PTO took three days to make a full backup when the image system went up last March, Gewehr said. Since then, the agency has made only incremental backups.
The image file system's 9G drives are partitioned into 100 logical arrays, Larson said. The system allocates incoming patents to the arrays based on the last two digits of each patent number.
'The most recent patents tend to have the most activity, and we want to spread that activity across the storage devices,' Gewehr said.
Although Web searches are common today, PTO in 1991 pioneered the use of electronic searches through a bulletin board system, Larson said. The agency introduced Web searches in 1995.
PTO officials want to extend the Web-accessible databases to cover patents granted from 1975 back to 1790, the date of the first U.S. patent, Gewehr said. To accomplish that goal, which would more than double PTO's holdings outside the firewall, the agency is seeking $6 million for the project in fiscal 2001.
'We already have all the documents in image form,' Gewehr said. 'That's inside the shop'we just haven't been able to put it outside.'
The internal databases behind the firewall are accessible to PTO employees, primarily patent examiners and trademark attorneys, Gewehr said. The public can gain entry through PCs at a PTO public search office in Arlington and at 30 of the 85 depository libraries around the country.
Unlike the Web-accessible databases, the agency's internal patent databases are organized to meet the needs of patent examiners, who must determine whether applications represent original intellectual property. They are not suitable for casual searching.
'We have this delivery channel to afford the public an opportunity to use the same databases that the examiners use, and that's important to patent practitioners and applicants,' Gewehr said. 'By using the same search resource, they have some assurance of obtaining a result close to what the examiner is obtaining.'
Gewehr and Brooks Hunt, PTO's director of patent search systems, said the internal system does searches by patent classification and finds more comprehensive details than a keyword search would.
'You can search patents on the Web, but you can't do a patent search,' Gewehr said.
PTO's Order Entry Management System [GCN, Aug. 23, 1999, Page 38
] uses the internal databases to retrieve copies of patents and trademarks for public sale, Gewehr said.
The internal database has electronic text for 2.7 million patents going back to 1970, plus images of all 6.4 million patents back to 1790.
The 6.4 million includes the 6 million utility patents'inventions, business processes and the like'plus design, plant and reissued patents.
The patent text takes up 200G of storage, but the images fill up 6T, Gewehr said.
PTO also houses text and images for 2.5 million U.S. trademarks that are pending, registered, abandoned, canceled or expired.
Besides domestic patents and trademarks, PTO holds 5.1 million text abstracts and 6.8 million images of Japanese patents, plus 3.1 million European text abstracts and 8 million images. The foreign holdings total about 7T.

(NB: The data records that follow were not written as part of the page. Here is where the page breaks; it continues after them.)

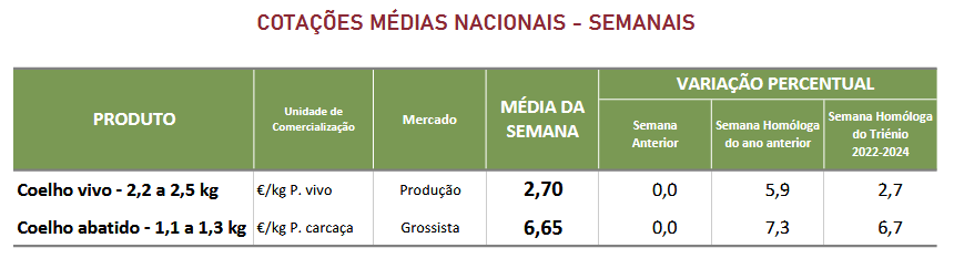 As cotações médias nacionais do coelho vivo (2,2 a 2,5 kg) e do coelho abatido (1,1 a 1,3 kg) mantiveram-se estáveis.
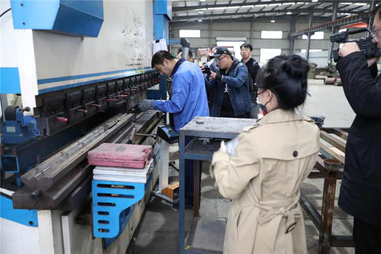 圖/韓總親自給采訪團介紹數控折彎機的神奇之處
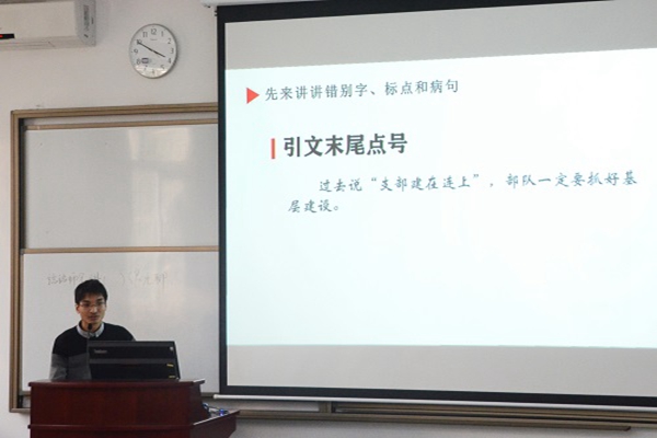在培训中,张端成同学讲解了有关错别字、标点和病句的内容,用日常新闻稿写作的事例分析了撰写稿件中的常见错误,加深了同学们对新闻稿写作技巧的理解。在新闻写作方面,张端成同学从标题、行文、图片格式等方面展开了具体的实践指导。他指出,好的新闻稿只有在细节处多加揣摩,才能传达出深入的含义。此外他强调,今天的新闻就是明天的历史,撰稿者要记述事迹,宣明时序,做好史料留存的工作。
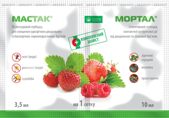 Послідовний селективний гербіцид Мастак + Мортал — засіб для боротьби з бур'янами в посівах полуниці, малини, смородини й агросу.

PTO exchanges electronic patent copies with other countries because disclosures elsewhere could bar granting of a U.S. patent, Hunt said.
Patent applications still circulate around PTO's offices on paper, but they are duplicated in a limited-access database that takes up 2.5T, Gewehr said. Applications remain confidential during the examination process.
A contractor, Reed Technology and Information Services, scans patent documents at its Horsham, Pa., facility and gives PTO the files in text, image and Adobe PostScript formats, Gewehr said.
PTO keeps its internal databases on the 11th floor of its Arlington building, in an EMC RAID system that takes up about an acre of floor space, Gewehr said.
For offsite storage, PTO backs up data on digital linear tape cartridges. Copies go to two offsite locations: one elsewhere in Arlington and one in the Iron Mountain/National Underground Storage Inc. facility in Boyers, Pa., north of Pittsburgh.